#### [Supplied information]
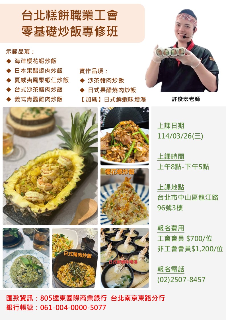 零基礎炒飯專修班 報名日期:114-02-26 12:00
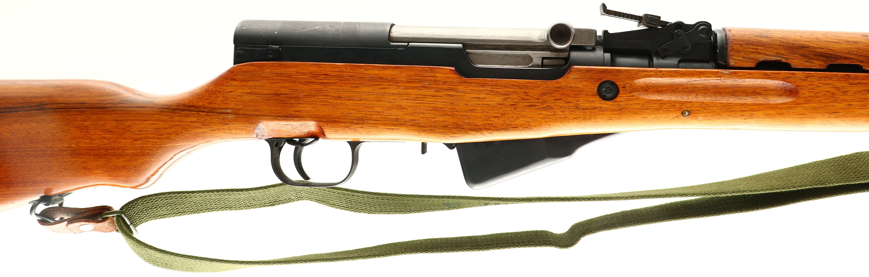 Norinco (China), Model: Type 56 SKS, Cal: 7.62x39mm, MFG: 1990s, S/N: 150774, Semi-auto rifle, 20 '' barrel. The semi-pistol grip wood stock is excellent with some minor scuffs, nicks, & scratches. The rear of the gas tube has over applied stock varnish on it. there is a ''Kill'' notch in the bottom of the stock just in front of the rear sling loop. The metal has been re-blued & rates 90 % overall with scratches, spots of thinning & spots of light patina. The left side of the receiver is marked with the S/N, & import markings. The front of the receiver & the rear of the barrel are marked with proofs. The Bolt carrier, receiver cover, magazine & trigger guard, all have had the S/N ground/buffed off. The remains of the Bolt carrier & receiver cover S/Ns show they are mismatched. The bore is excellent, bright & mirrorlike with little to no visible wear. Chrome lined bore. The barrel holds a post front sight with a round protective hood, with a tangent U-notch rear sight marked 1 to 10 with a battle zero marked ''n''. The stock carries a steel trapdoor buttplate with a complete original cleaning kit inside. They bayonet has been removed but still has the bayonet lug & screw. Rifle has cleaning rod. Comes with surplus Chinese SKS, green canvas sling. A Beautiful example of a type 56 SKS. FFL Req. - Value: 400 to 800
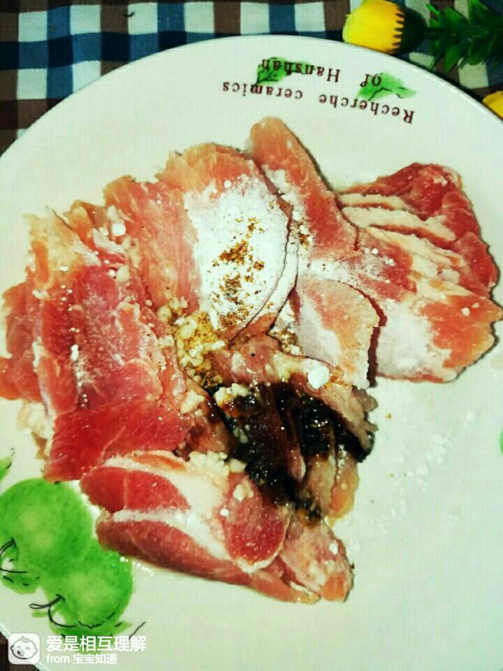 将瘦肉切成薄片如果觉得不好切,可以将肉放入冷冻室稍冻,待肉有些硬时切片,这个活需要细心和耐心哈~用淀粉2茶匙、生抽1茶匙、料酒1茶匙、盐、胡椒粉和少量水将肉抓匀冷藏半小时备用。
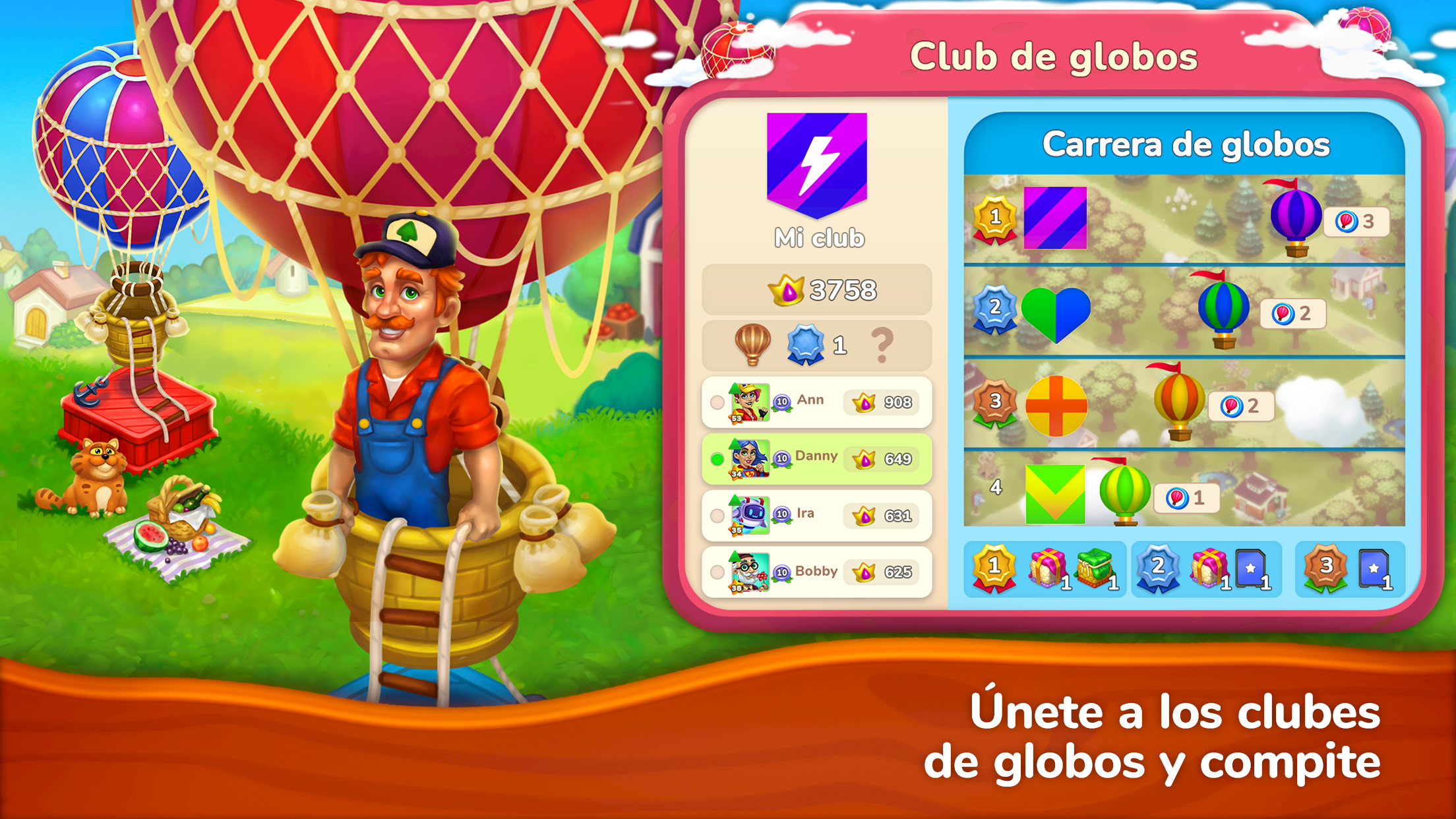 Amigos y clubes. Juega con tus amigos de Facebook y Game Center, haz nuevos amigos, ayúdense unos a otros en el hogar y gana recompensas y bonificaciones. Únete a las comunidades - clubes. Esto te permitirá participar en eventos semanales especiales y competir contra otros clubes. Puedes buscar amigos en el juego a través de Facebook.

#### [The problem]
The complete material, set down exactly and stripped of pictures, is the expected response.

#### [Result of this task]
 零基礎炒飯專修班 報名日期:114-02-26 12:00
 Norinco (China), Model: Type 56 SKS, Cal: 7.62x39mm, MFG: 1990s, S/N: 150774, Semi-auto rifle, 20 '' barrel. The semi-pistol grip wood stock is excellent with some minor scuffs, nicks, & scratches. The rear of the gas tube has over applied stock varnish on it. there is a ''Kill'' notch in the bottom of the stock just in front of the rear sling loop. The metal has been re-blued & rates 90 % overall with scratches, spots of thinning & spots of light patina. The left side of the receiver is marked with the S/N, & import markings. The front of the receiver & the rear of the barrel are marked with proofs. The Bolt carrier, receiver cover, magazine & trigger guard, all have had the S/N ground/buffed off. The remains of the Bolt carrier & receiver cover S/Ns show they are mismatched. The bore is excellent, bright & mirrorlike with little to no visible wear. Chrome lined bore. The barrel holds a post front sight with a round protective hood, with a tangent U-notch rear sight marked 1 to 10 with a battle zero marked ''n''. The stock carries a steel trapdoor buttplate with a complete original cleaning kit inside. They bayonet has been removed but still has the bayonet lug & screw. Rifle has cleaning rod. Comes with surplus Chinese SKS, green canvas sling. A Beautiful example of a type 56 SKS. FFL Req. - Value: 400 to 800
 将瘦肉切成薄片如果觉得不好切,可以将肉放入冷冻室稍冻,待肉有些硬时切片,这个活需要细心和耐心哈~用淀粉2茶匙、生抽1茶匙、料酒1茶匙、盐、胡椒粉和少量水将肉抓匀冷藏半小时备用。
 Amigos y clubes. Juega con tus amigos de Facebook y Game Center, haz nuevos amigos, ayúdense unos a otros en el hogar y gana recompensas y bonificaciones. Únete a las comunidades - clubes. Esto te permitirá participar en eventos semanales especiales y competir contra otros clubes. Puedes buscar amigos en el juego a través de Facebook.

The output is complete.